Introduction
The language-learning platform Duolingo has over 100 million monthly active users who can select any of their 40 offered languages. The game-like style of learning works great for most languages, but what if a user wants to learn a language that doesn't use text or audio? Currently Duolingo does not offer any lessons for American Sign Language (ASL). Enter Duofingo- a revolutionary tool for users to practice their ASL skills at their own pace with just a computer.
Gameplay
The rules are simple, just sign as many correct terms as you can in 60 seconds. Once the timer begins, your target word will appear at the bottom left corner of the screen ("butter" in the example above). Once you correctly sign a word, your score will increment by one point and the target word will change. Your current score can be seen at the bottom center of the screen, and the countdown timer is visible in the bottom right corner. If your final score is greater than the current high score for a category, the high score will be replaced.
Game Engine
The two main python packages that allowed me to create this game are OpenCV and Mediapipe.

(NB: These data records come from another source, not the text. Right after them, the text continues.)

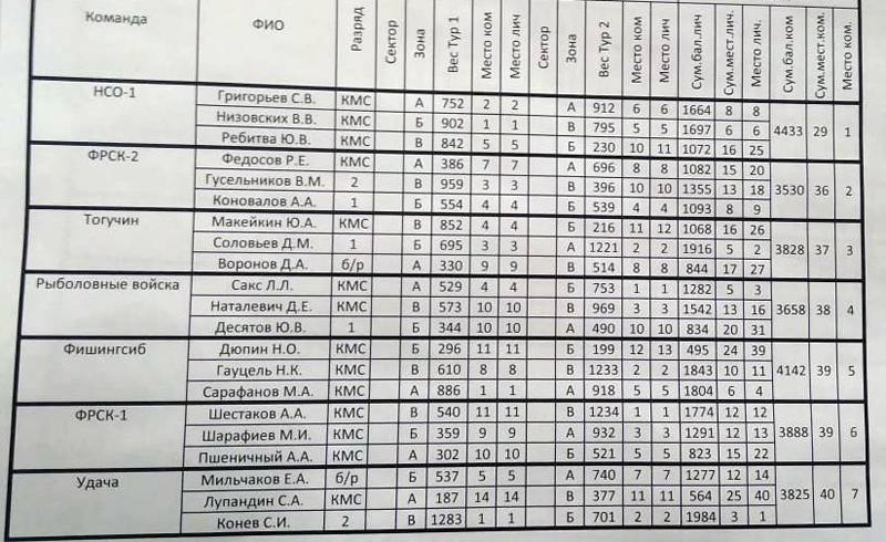 За весь тур поймал всего 5 штук и в итоге занял 12 место. Ребята с команды отловились хорошо оба тура. Мы реально могли занять призовое место. Миша Сарафанов в личке 4-й, чуть чуть не хватило до призов и ему. Обидно, досадно, но, как говорится - бывает...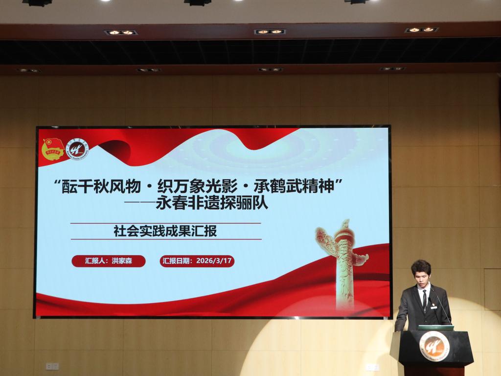 为全面总结2026年寒假社会实践成果、深入实施“时代新人铸魂工程”,展现华厦学子服务社会的责任担当,3月17日16:10,厦门华厦学院在明德厅2召开寒假社会实践成果汇报会。通识教育中心卢靖老师、马克思主义学院张学翎老师、教务处林宇虹老师担任评委,校团委书记范莉梅、校团委全体老师、二级学院团委书记及副书记、各实践队指导老师、队员及及青马学员共同参会。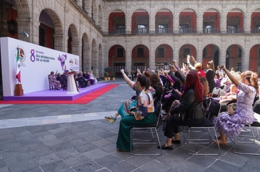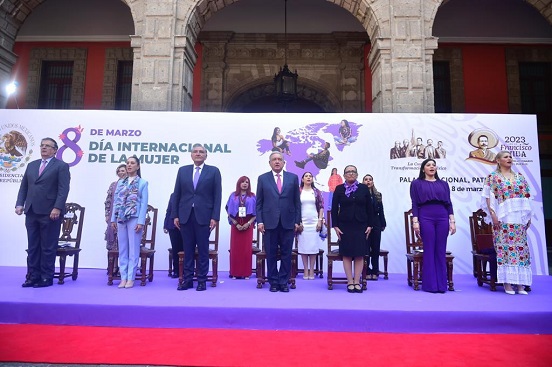 Entre aplausos, agradecimientos y al grito de es un honor estar con obrador de funcionarias, el presidente Andrés Manuel López Obrador encabezó el Día Internacional de la Mujer en el Patio Central de Palacio Nacional.

OpenCV is a software library that lets developers create applications using a computer vision infrastructure. Mediapipe is a package that uses artificial intelligence within a computer vision framework, allowing users to create projects where the computer camera can "detect" certain objects. I used mediapipe to detect the players' hands and generate data from the positions of their fingers and joints (called "landmarks").

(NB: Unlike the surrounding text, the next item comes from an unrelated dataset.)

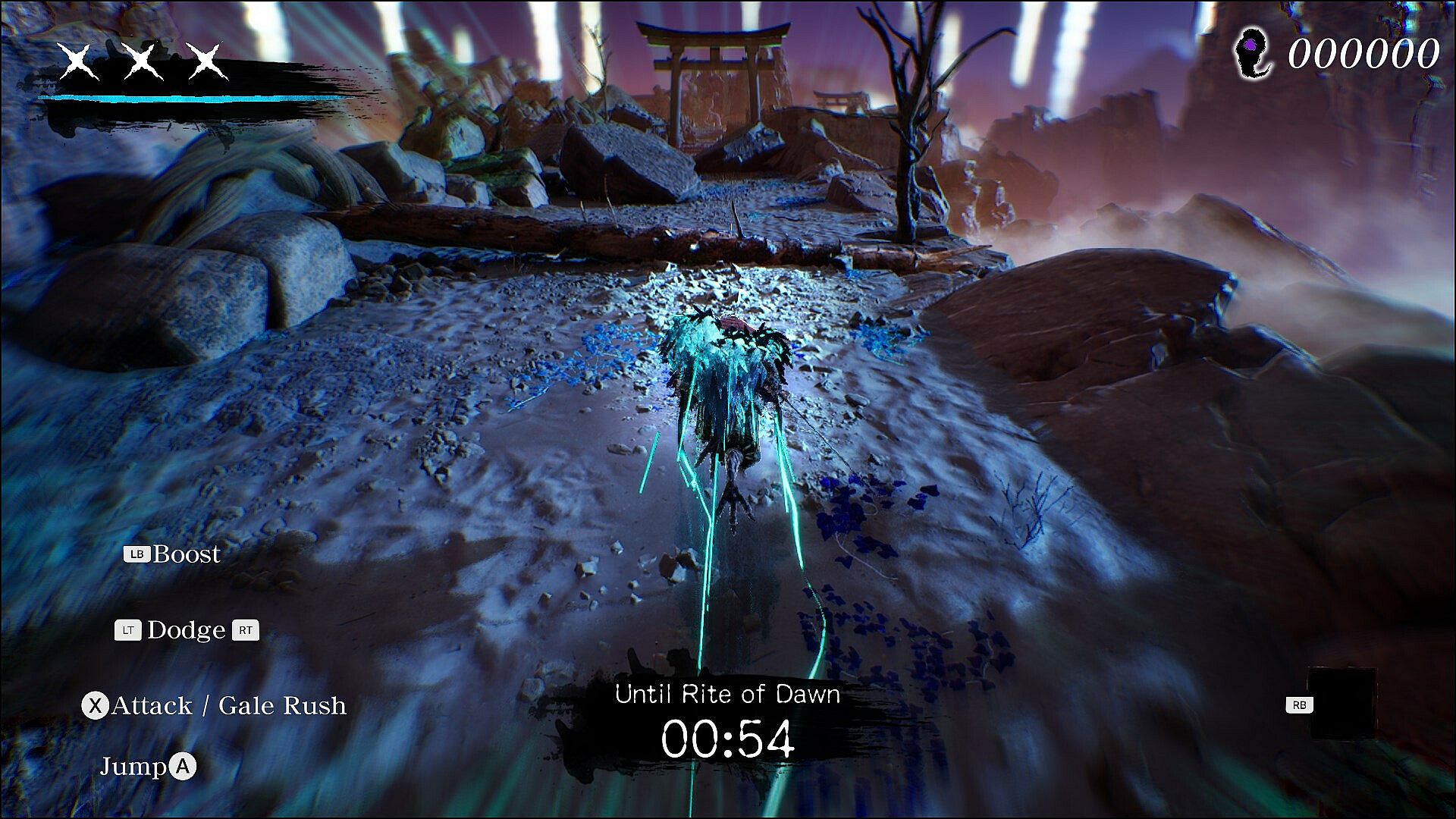Secret art Gale Rush extends the time until sunrise by consuming the souls of enemies with each strike.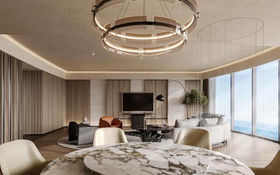经典的弧线经现代手法转译,米白与浅咖的温润色调,弱化了建筑的体量感

For each of the five playable categories (letters, animals, foods, verbs, animals), I created training data by signing all of the items and saving the landmark information to a dictionary. Once the landmark data was saved, I used it to train random forest classifiers so that they could predict which sign a user is displaying. Once the game begins, it randomly takes words from the category's item list to use as the target. The user must then sign so that the prediction output matches the target. While this method of classification was eventually successful, it came with a host of complications.
Challenges
One major challenge I had to overcome was how to handle signs that required movement. For example, to sign the word "hello" you begin by placing your hand near your forehead, then move it away. Since the predictor can only make predictions from static data, it has no way of knowing what direction(s) your hands are moving. To combat this I introduced the concept of memory in the form of a prediction queue. The prediction queue stores the current prediction as well as the four previous predictions. Using this idea of prediction memory, I deconstructed signs with movement into multiple parts (e.g. "hand1" and "hand2"). With this framework, I programmed the game to check the prediction queue any time a secondary movement sign was detected. For example, if the predictor outputs "hand2" the game will check the prediction queue for "hand1". Then, and only then, the player will receive credit for signing the correct word.

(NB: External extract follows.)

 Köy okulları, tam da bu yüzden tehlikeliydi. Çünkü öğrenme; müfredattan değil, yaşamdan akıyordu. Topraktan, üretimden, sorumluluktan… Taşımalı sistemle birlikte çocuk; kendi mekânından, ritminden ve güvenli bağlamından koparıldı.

Lastly, an issue I faced while creating the "letter" category was similarity between signs. Since there are 26 letters, the classifier would constantly make mistakes even if the user was signing correctly. Either the predictor would give credit for an incorrect answer, or it would fail to give credit for a correct answer. I solved this problem via a two-pronged approach. First, I introduced the red square. As you can see, there are red squares visible on the screen during gameplay. I trained this category while keeping my palm directly in the center of the square, so that users' attempts will be based solely on the relative positions of their fingers and not where their hands deviate off to.
The second solution I introduced for this problem was the random forest "predict_proba" method. A user would receive credit for a correct sign only if the predictor was at least 35% confident that the user was indeed correct. This is helpful for similar signs like "u" and "r" where the only difference is a slight shift between the index and middle fingers. With these two methods in place, the predictor became extramely accurate when deciding to give credit or not.
Another complication I faced was handedness; whether the user was showing their left hand, their right hand, no hands, or both hands. All of the predictors expected 84 data points- each of the 21 landmarks per hand is composed of an x-component and a y-component, so 21 landmarks * two components * two hands = 84 total data points. However, mediapipe will only generate data for hands that the computer camera can see. So, if a user shows only one hand, the prediction data will contain only 42 points, which causes an error. To resolve this I decided to "pad" single-handed data with 0's (42 0's at the beginning of the list for right handedness, or 42 0's at the end of the list for left handedness). Then, every mediapipe output would contain exactly 84 points. If a user shows no hands, the game will not even attempt to predict, since all of the signs I included require at least one hand.